The data:

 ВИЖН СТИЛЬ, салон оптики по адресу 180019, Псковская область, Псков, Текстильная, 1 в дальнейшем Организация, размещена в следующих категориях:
---
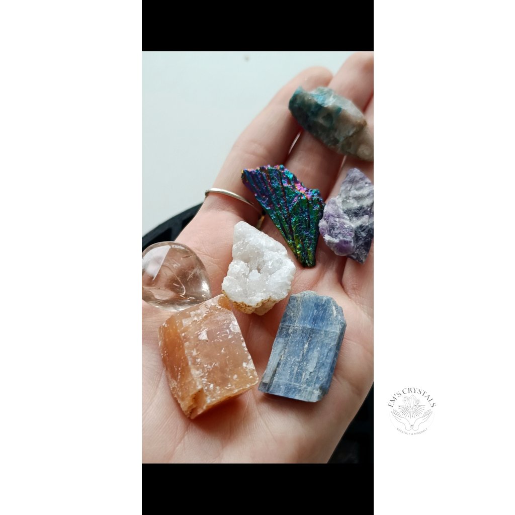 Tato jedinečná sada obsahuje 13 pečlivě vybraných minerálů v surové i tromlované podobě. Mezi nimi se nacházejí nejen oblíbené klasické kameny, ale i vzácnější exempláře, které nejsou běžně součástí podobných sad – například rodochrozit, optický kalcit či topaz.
==
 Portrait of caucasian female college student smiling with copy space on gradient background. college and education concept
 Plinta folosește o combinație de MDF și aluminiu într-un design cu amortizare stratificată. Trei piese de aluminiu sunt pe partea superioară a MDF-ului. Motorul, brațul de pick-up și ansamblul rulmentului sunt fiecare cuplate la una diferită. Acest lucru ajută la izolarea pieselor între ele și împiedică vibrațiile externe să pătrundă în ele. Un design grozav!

Exercise description: Return exactly the lines above from the line that has "Portrait of caucasian" through the line that has "Plinta folosește o", inclusive, and nothing else.

Answer for this exercise:
 Portrait of caucasian female college student smiling with copy space on gradient background. college and education concept
 Plinta folosește o combinație de MDF și aluminiu într-un design cu amortizare stratificată. Trei piese de aluminiu sunt pe partea superioară a MDF-ului. Motorul, brațul de pick-up și ansamblul rulmentului sunt fiecare cuplate la una diferită. Acest lucru ajută la izolarea pieselor între ele și împiedică vibrațiile externe să pătrundă în ele. Un design grozav!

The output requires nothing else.